Five songs from the album, "Hand Me Down World", "Bus Rider", "Share the Land", "Do You Miss Me Darlin'?" and "Hang On to Your Life" make up an entire side of the 1971 greatest hits compilation, The Best of The Guess Who.

"Hang On to Your Life" was written by Cummings supposedly after a bad case of sunburn, but many people believe it was written after a bad acid trip. It is an anti-drug song, and was used on commercials to promote stopping the usage of heavy drugs. At the end of the song, Psalm 22:13–15 is quoted. "Hand Me Down World" and "Bus Rider" were from Winter's band Brother, but The Guess Who recorded them before Brother had ever been into a studio. On the 8-track tape edition of the album, the song was edited to make it a bit longer in order to fill out the timing on the first channel (a few extra measures appear before each verse).

===Album cover===
When asked how the band knew the Indigenous man on the album's cover, they replied, "central casting". In a 2016 interview with Relix, Burton Cummings was asked about the cover and stated: Well, don’t forget that the biggest single album of The Guess Who’s career was Share The Land, which was the album that had the Chief of the American Cherokees on the cover. Everybody still thinks I’m native. I just thought that it was a great idea to do that, to put him on the cover. This guy was 81 years old, and we all scampered up a hill for the photo shoot, and he beat us to the top. This guy was crazy; snakes had bitten him something like a hundred times. This guy could bite a snake and kill it, he was 81 and had not a wrinkle on his face.

==Reception==
Bruce Eder of AllMusic says "Recorded in the immediate aftermath of lead guitarist Randy Bachman's departure from the group, Share the Land was a better album than anyone could rightfully have expected, and it was the biggest selling original album in their entire output, appearing in the wake of "American Woman" and lofted into the Top 20."
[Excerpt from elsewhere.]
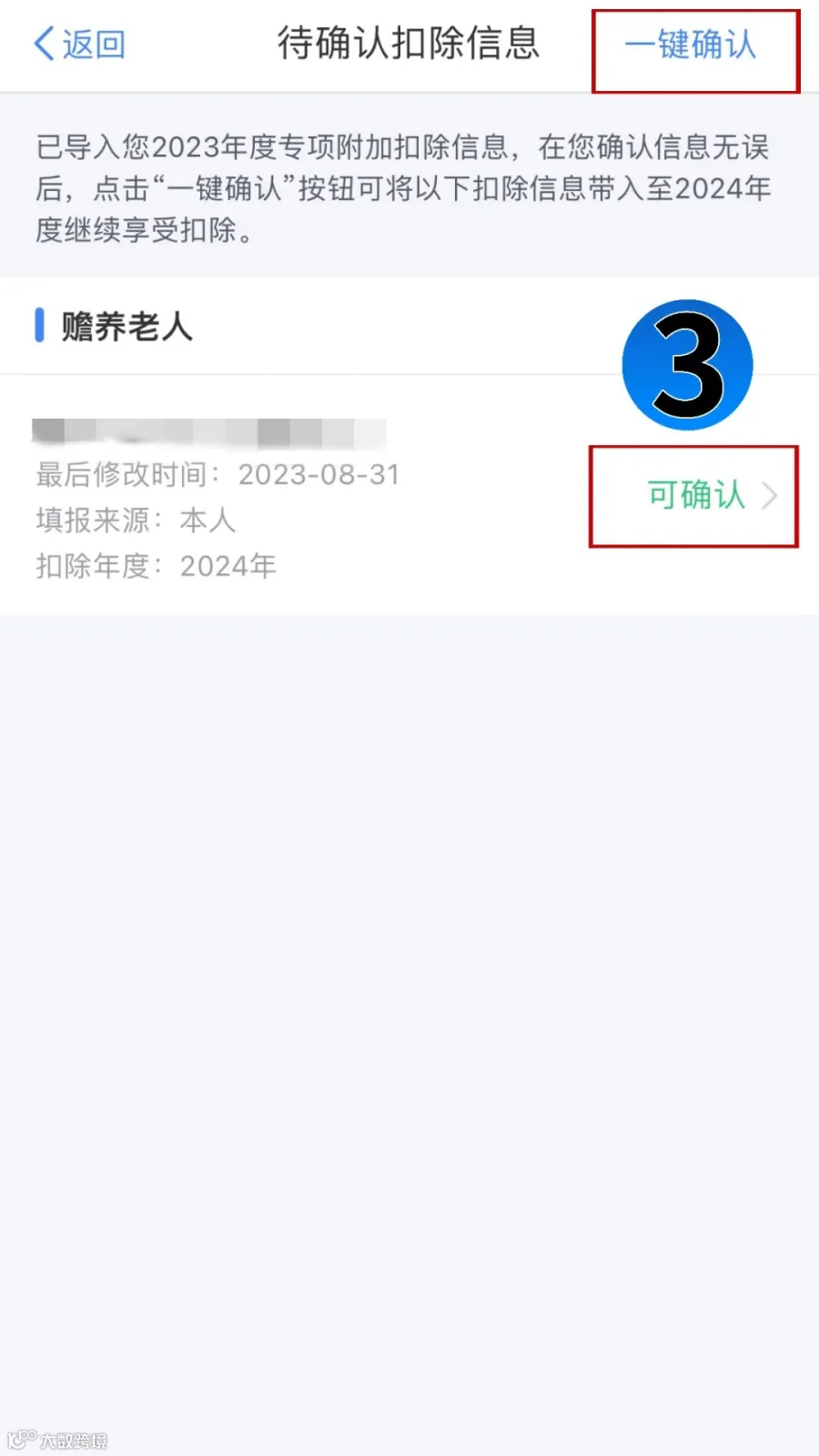进入待确认扣除信息界面,点击【可确认】,核对信息后,点击【一键确认】即可完成提交。

Share the Land peaked at number 14 on the Billboard 200 in November 1970.

==Track listing==
All songs written by Burton Cummings and Kurt Winter except noted.
- Side one
1. "Bus Rider" (Winter) - 2:57
2. "Do You Miss Me Darlin'?" - 3:55
3. "Hand Me Down World" (Winter) - 3:26
4. "Moan for You Joe" (Cummings, Greg Leskiw) - 2:39
5. "Share the Land" (Cummings) - 3:53
- Side two
6. - "Hang On to Your Life" - 4:09
7. "Coming Down Off the Money Bag" / "Song of the Dog" (Leskiw, Cummings) - 3:54
8. "Three More Days" - 8:55

- 2000 Buddha re-issue bonus tracks
9. - "Palmyra" (Bachman, Cummings) - 5:44
10. "The Answer" (Bachman, Cummings) - 4:05

- 2016 Iconoclassic re-issue bonus tracks
11. - "Runnin' Down the Street" (Kale, Peterson) - 4:20
12. "Hang On to Your Life" (Single Version) - 3:25
13. "Moan for You Joe" (Take 3) (Cummings, Leskiw) - 2:24

==Personnel==
Personnel taken from Share the Land liner notes.

The Guess Who
- Burton Cummings – lead vocals (all except 7), piano (1, 2, 4, 5), electric piano (3, 8), organ (6), flute (8)
- Kurt Winter – lead guitar (1–3, 5, 6, 8), co-lead vocal (1), rhythm guitar (7), acoustic guitar (7)
- Greg Leskiw – lead guitar (3, 5–7), rhythm guitar (1, 2, 8), all guitars (4), lead vocal (7), acoustic guitar (7)
- Jim Kale – bass
- Garry Peterson – drums, glockenspiel (2), congas (6)

Production
- Jack Richardson − producer
- Brian Christian − engineer

==Charts==

| Chart (1970−1971) | Peak position |
|---|---|
| Canada Top Albums/CDs (RPM) | 7 |
| US Billboard 200 | 14 |

== Certifications ==

| Region | Certification | Certified units/sales |
| Canada (Music Canada) | Gold | 50,000^{^} |
| United States (RIAA) | Gold | 500,000^{^} |
^{^} Shipments figures based on certification alone.